Joke Collection Website - Mood Talk - After running ten kilometers, my heart is full of generosity and kindness.

After running ten kilometers, my heart is full of generosity and kindness.

Text/Chen Caixia

Dopamine secreted by running is second only to falling in love.

Three kilometers specializes in all kinds of unhappiness.

Five kilometers specializes in all kinds of internal injuries.

After running for ten kilometers, my heart is full of generosity and kindness!

After all, the epidemic situation in Guangzhou is very serious. On the first day, I ran 10 km downstairs by the river. I did a fat-reducing exercise at home the next day. On the third day, I read books all day.

I emptied the refrigerator, and I was too lazy to cook at home alone. I don't want to move around cooking, and the food is not delicious. Sometimes I think it's too difficult to cook alone, so I just don't cook.

The epidemic situation, in order not to add chaos to the country, I chose not to go back to Foshan to accompany my family, but I think it is a long time! The mood is also quite unstable.

After running 10 km, I felt nothing. But the next day I did a fat-reducing exercise and my feet hurt. Teacher Huang told me to keep practicing, and the pain stopped after a week. I said, wait a minute. I want to practice vest line (dumbfounding).

As for the topic of sports, I think I will stick to it until I am old. Even if you are busy on weekdays, you will take time to run on weekends.

Running has given me the label of life, and more is to learn to face it calmly and no longer worry about the evaluation of friends around me. Do your job well, stick to your hobbies, try to be kind to those who are good to you and those you love!

Speaking of which, I thought of this morning. I asked my brother-in-law, what do you have to tell me? Is the child not studying well or working badly? He refused to say, "actually, I feel quite uncomfortable."

I used to bother her and you, and now I want you to bother me, too.

My brother-in-law replied to me: "I have asked the girl to comfort me and prove that I fell." A layer of spiritual sustenance, these are the sources of my motivation, slowly grow up, get old, and there will be fewer and fewer people around me. "

I think he must have encountered problems at work or missed his grandmother at home! Later, I didn't ask him. Later, I said that I had to wear a mask during the epidemic.

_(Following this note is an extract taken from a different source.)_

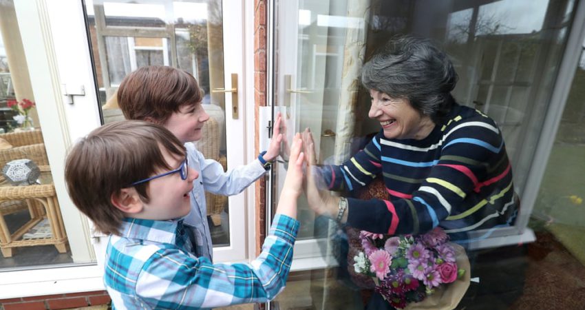 Ben dhe Isaac flasin me gjyshen e tyre Sue përmes një dritareje në shtëpinë e saj në Cheshire, Mbretërinë e Bashkuar ndërsa ajo vazhdon të qëndrojë e izoluar për shkak të covid-19. Tashmë është bërë një vit që ajo nuk ka asnjë kontakt fizik me nipërit dhe mbeat e saj.\The Guardian\

Why should I work so hard? Resigning from a comfortable manager's position, changing the way and changing the environment will of course force yourself to adapt. I'd rather work hard to help them. Because they love me, too, every time I go home, they will buy me something I like to eat, and I also like to drink milk.

Then, why do I never envy other people's sisters and brothers-in-law? Because my sister and brother-in-law never let me down, they gave me everything beyond the love of my brothers, but my sister and they didn't tell me anything, so many times, I was also very sad.

I am afraid that my brother-in-law and my sister will quarrel because of family chores and will not communicate with each other. The contradiction is getting bigger and bigger. I'm sorry ...

So, I want to grow up quickly, I want to grow up quickly, okay? Because when I can't do anything, what I say is pale and unconvincing. Only when I am strong can I help them!

Work, writing, running ... we must move on!

About the author: Hello, I'm Anna, an independent post-96 generation, an editor at work and an ordinary recorder in life. The following are my growing experience and three views. I just want to be the person I like. Love writing, running, climbing, volunteering, and firmly believe that writing for yourself is the best!